All employers may need to be accredited: Government is proposing that any employer wanting to support a migrant’s temporary work visa application needs to be accredited. This would apply to employees renewing their visas.
Different types of accreditation: The proposals provide for different levels of accreditation. Standard accreditation would be required employers recruiting five or less migrant employees. Labour hire accreditation, similar to the current scheme, would be compulsory for labour hire employers. Premium accreditation would be needed for employers wanting to provide work-to-residence visas, to their employees, and would also be compulsory for employers wanting to support more than five migrant employees with visas.
Additional employer requirements: The new accreditation regime could include additional requirements for employers. For example, standard accreditation may require an induction process specifically for migrants. Labour hire and premium accreditation may require a transparent pastoral care policy and a workforce development strategy or partnership with an industry body or apprenticeship program.
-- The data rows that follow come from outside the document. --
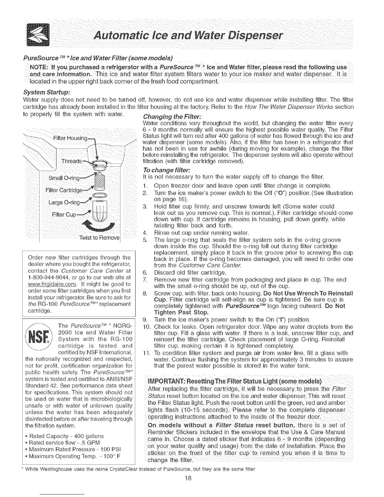 * White Westinghouse uses the name CrystaIClear instead of PureSource, but they are the same filter
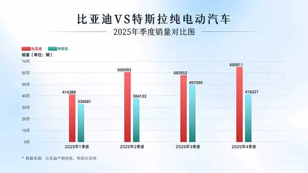 比亚迪的增长动力,很大程度上来自海外市场。2025年,其海外销量首次突破100万辆,在欧洲、南美和亚太等多个地区持续扩大市场份额,逐步成为当地消费者的重要选择。与此同时,从季度表现来看,比亚迪在2025年四个季度的全球纯电销量均领先特斯拉,领先趋势已持续多个季度,体现出较强的稳定性。
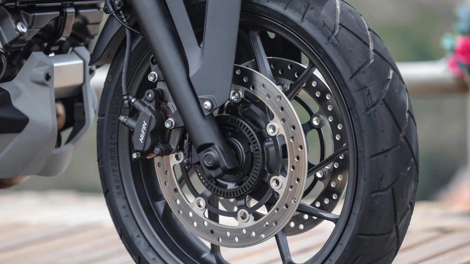 A grande alteração é no sistema de ͏freios dianteiros, agora a NC 750X 2026 usa dois discos de 296 m͏m ͏na frente. Esse conjunto substitui o disco único da geração anterior e tem ABS com dois canais, porém o freio traseiro mantém um único disco simples de ͏240 mm.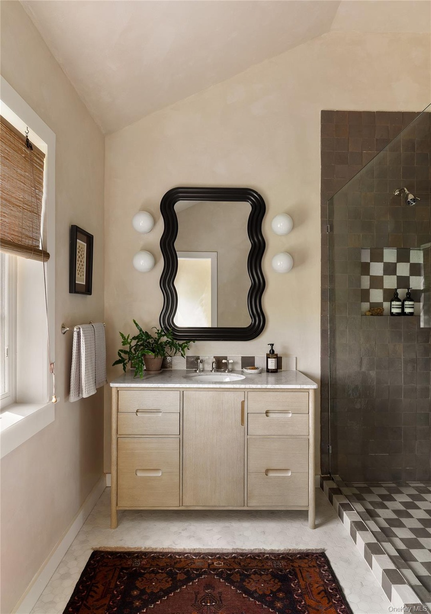 - Bathroom with vaulted ceiling, a tile shower, and vanity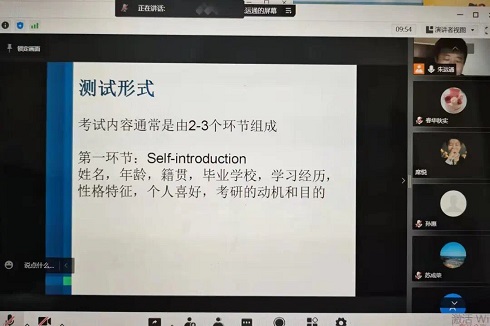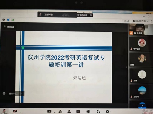 为进一步提高考研上线学子的成功录取率,持续推进“我为学生办实事”,根据《滨州学院2022年“学雷锋”志愿服务活动方案》和志愿服务专班工作的安排,3月30日晚,申慱sunbet官网开展“青春志愿行 助力考研复试最后一公里”英语复试专题培训活动,本次培训由丰富考研指导经验的英语专业教师朱运通老师主讲,来自18个学院的考研复试学子参加活动。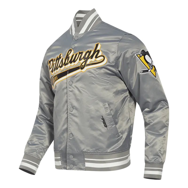 NHL PITTSBURGH PENGUINS SCRIPT TAIL MEN’S SATIN JACKET (GRAY)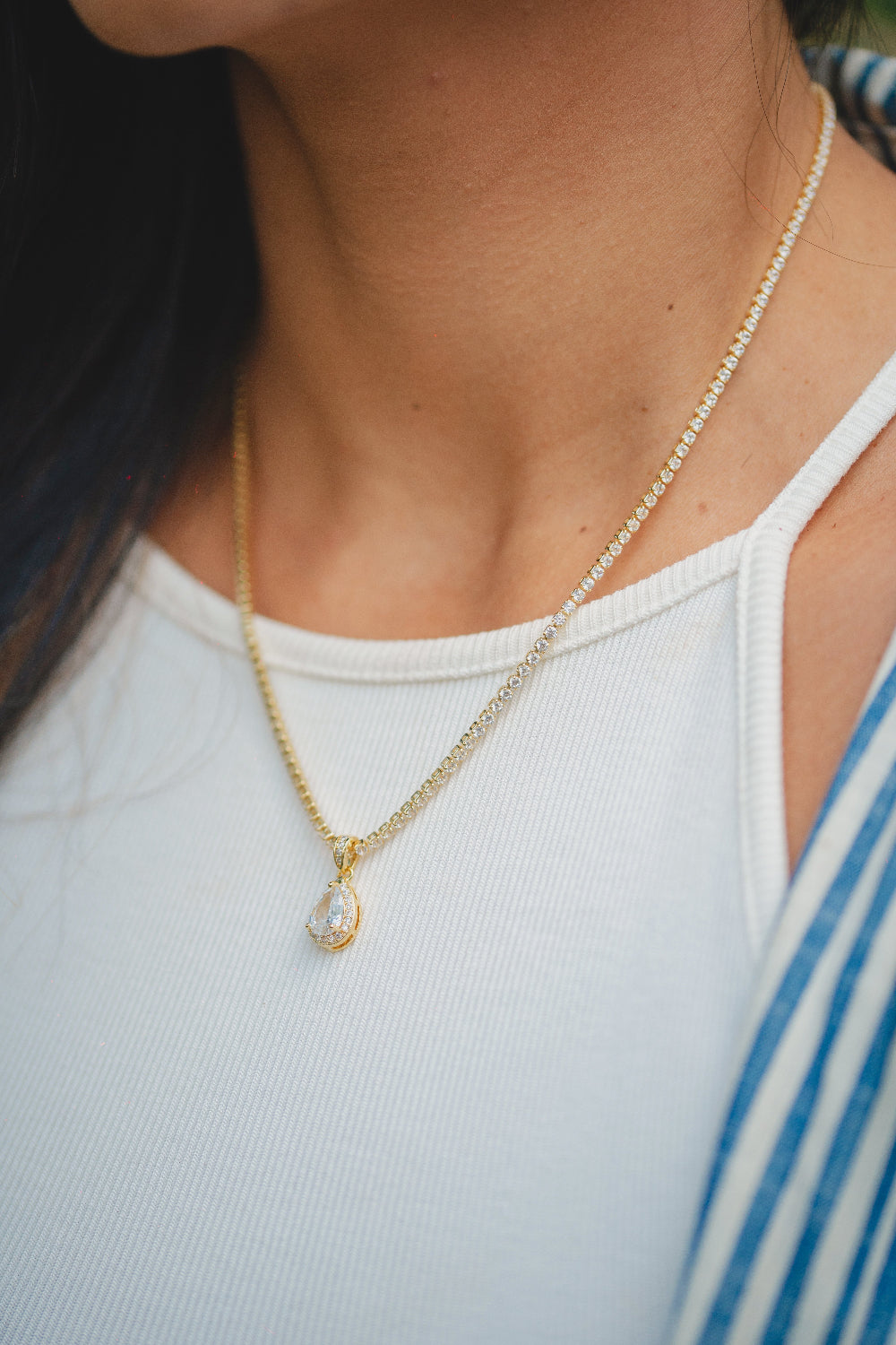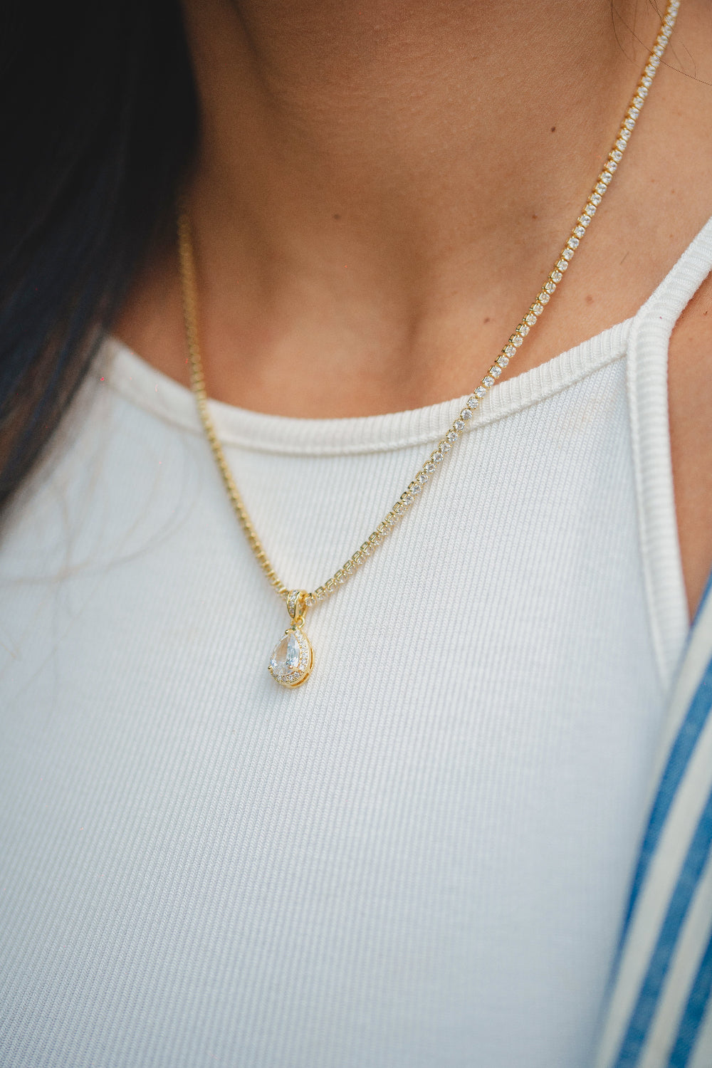 RIVIEIRA COM PINGENTE CRAVEJADO FOLHEADO A OURO 18K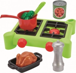 Set kookgerei met potten is ideaal voor elke jonge kok. Deze set met twee kookplaten bevat alles wat je nodig hebt voor een leuke en realistische keukenervaring.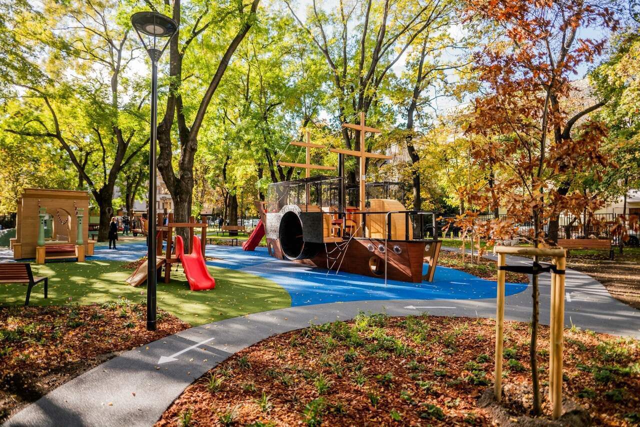 12区布达佩斯新建了一个改革时代的游乐场,其中包括一艘汽船、一座链桥和一个齿轮。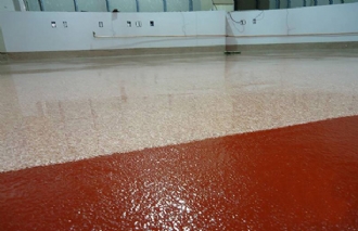 ●待中层材料固化后,检查无异常现象在将调配好的环氧砂浆面料用滚筒涂装。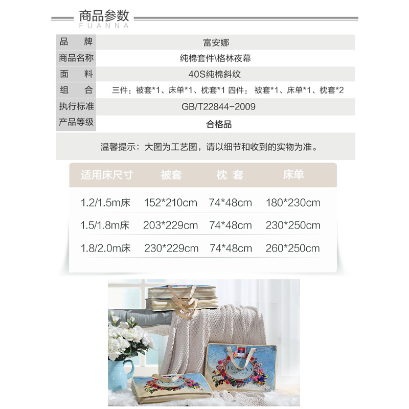 格林夜幕 床单三件套(被套1件床单1件枕套1件)(适合1.2米床)【纯棉/黄】 |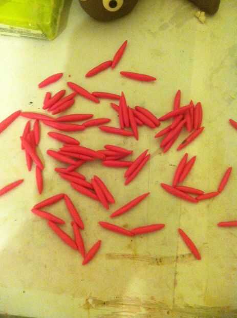 Ahora van a empezar a hacer la piel. Empezar por suavizar el color de la arcilla de elección rodando en troncos delgados y con un cuchillo o navaja corta los troncos en trozos pequeños. No todo tiene que ser del mismo tamaño, pero intentan hacerlos como como posible. Ahora esta es la parte consume tiempo, tome cada uno del corte piezas de arcilla y ambos lados de ellas para hacer un "pelo" como visto arriba del rodillo. Una vez que se les han rodado todo puede empezar a enganchar a su base.
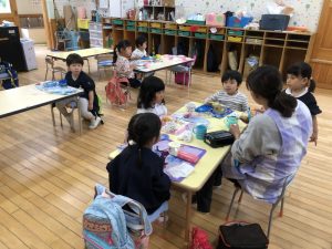 ☘ 年少組活動とお弁当の時間 R3 5.17 ☘ ゆうぎしつでのRainbowから教室に戻り、次は かたつむりを作る活動です🐌 お弁当も回数を重ねるにつれて、お手伝いなしでも食べられるようになってきました。おうちからの手作りお弁当は最高!

Proposed changes to the labour market testing regime: The Minister is proposing to introduce regionalised labour market testing. Also, to support an employee with a work-to-residence visa, the employer would need premium accreditation and pay at least $78000 per annum. If an employer offers an annual salary of more than $101,046 then no labour market testing may be required. Finally, the Minister is also proposing industry sector agreements, initially with the aged care and hospitality sectors.
What are the time frames? At the moment, these are just proposals open for consultation. The consultation closes on 18 March 2019. The Minister proposes to report back to Cabinet in June 2019, with agreed changes coming into effect in August 2019. Regional Skill Shortage Lists could be brought into effect in April 2019.